From 280495cb76ccb5a91b80e6003c939509368b4650 Mon Sep 17 00:00:00 2001
From: Andre Anjos <andre.dos.anjos@gmail.com>
Date: Thu, 16 Jul 2020 14:59:17 +0200
Subject: [PATCH] [script.significance] Implement checkpointing for patch
 performance calculations

---
 bob/ip/binseg/script/significance.py | 48 +++++++++++++++++++++++++++-
 1 file changed, 47 insertions(+), 1 deletion(-)

diff --git a/bob/ip/binseg/script/significance.py b/bob/ip/binseg/script/significance.py
index 1dd98283..777703fc 100755
--- a/bob/ip/binseg/script/significance.py
+++ b/bob/ip/binseg/script/significance.py
@@ -39,6 +39,7 @@ def _eval_patches(
     outdir,
     figure,
     nproc,
+    checkpointdir,
 ):
     """Calculates the patch performances on a dataset
 
@@ -99,6 +100,10 @@ def _eval_patches(
         ``1`` avoids completely the use of multiprocessing and runs all chores
         in the current processing context.
 
+    checkpointdir : str
+        If set to a string (instead of ``None``), then stores a cached version
+        of the patch performances on disk, for a particular system.
+
 
     Returns
     =======
@@ -128,6 +133,27 @@ def _eval_patches(
 
     """
 
+    if checkpointdir is not None:
+        chkpt_fname = os.path.join(checkpointdir,
+                f"{system_name}-{evaluate}-{threshold}-" \
+                f"{size[0]}x{size[1]}+{stride[0]}x{stride[1]}-{figure}.pkl.gz"
+                )
+        os.makedirs(os.path.dirname(chkpt_fname), exist_ok=True)

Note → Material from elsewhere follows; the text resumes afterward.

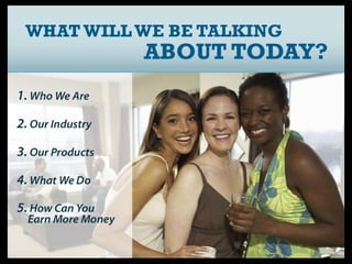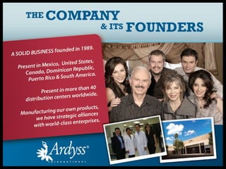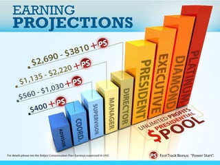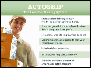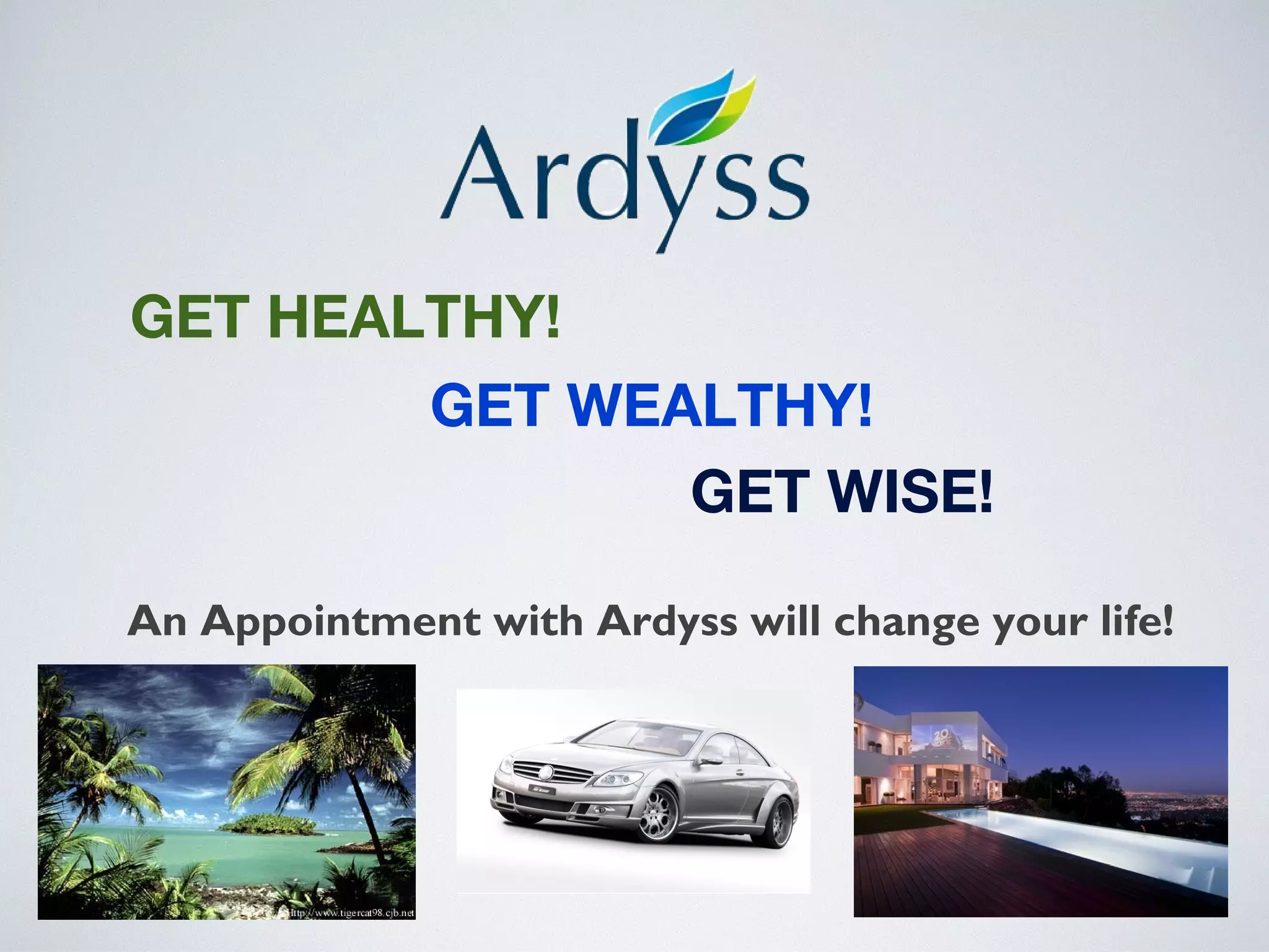 This document promotes an opportunity with Ardyss International that claims to help people achieve health, wealth, and wisdom. It suggests joining their company and selling their products could lead to weight loss, increased energy, and monthly incomes of $500-$5000 within six months. The opportunity involves their line of superfruit supplements and network marketing system for building a team. It outlines their compensation plan with various bonuses and commissions available.

+        if os.path.exists(chkpt_fname):
+            logger.info(f"Loading checkpoint from {chkpt_fname}...")
+            # loads and returns checkpoint from file
+            try:
+                with __import__('gzip').GzipFile(chkpt_fname, "r") as f:
+                    return __import__('pickle').load(f)
+            except EOFError as e:
+                logger.warning(f"Could not load patch performance from " \
+                        f"{chkpt_fname}: {e}. Calculating...")
+        else:
+            logger.debug(f"Checkpoint not available at {chkpt_fname}. " \
+                    f"Calculating...")
+    else:
+        chkpt_fname = None
+
     if not isinstance(threshold, float):
 
         assert threshold in dataset, f"No dataset named '{threshold}'"
@@ -147,7 +173,7 @@ def _eval_patches(
         f"'{system_name}' using windows of size {size} and stride {stride}"
     )
 
-    return patch_performances(
+    retval = patch_performances(
         dataset,
         evaluate,
         preddir,
@@ -159,6 +185,14 @@ def _eval_patches(
         outdir,
     )
 
+    # cache patch performance for later use, if necessary
+    if chkpt_fname is not None:
+        logger.debug(f"Storing checkpoint at {chkpt_fname}...")
+        with __import__('gzip').GzipFile(chkpt_fname, "w") as f:
+            __import__('pickle').dump(retval, f)
+
+    return retval
+
 
 def _eval_differences(perf1, perf2, evaluate, dataset, size, stride, outdir,
         figure, nproc):
@@ -405,6 +439,15 @@ def _eval_differences(perf1, perf2, evaluate, dataset, size, stride, outdir,
     required=True,
     cls=ResourceOption,
 )
+@click.option(
+    "--checkpoint-folder",
+    "-k",
+    help="Path where to store checkpointed versions of patch performances",
+    required=False,
+    type=click.Path(),
+    show_default=True,
+    cls=ResourceOption,
+)
 @verbosity_option(cls=ResourceOption)
 def significance(
     names,
@@ -420,6 +463,7 @@ def significance(
     remove_outliers,
     remove_zeros,
     parallel,
+    checkpoint_folder,
     **kwargs,
 ):
     """Evaluates how significantly different are two models on the same dataset
@@ -446,6 +490,7 @@ def significance(
         else os.path.join(output_folder, names[0])),
         figure,
         parallel,
+        checkpoint_folder,
     )
 
     perf2 = _eval_patches(
@@ -462,6 +507,7 @@ def significance(
             else os.path.join(output_folder, names[1])),
         figure,
         parallel,
+        checkpoint_folder,
     )
 
     perf_diff = _eval_differences(
-- 
GitLab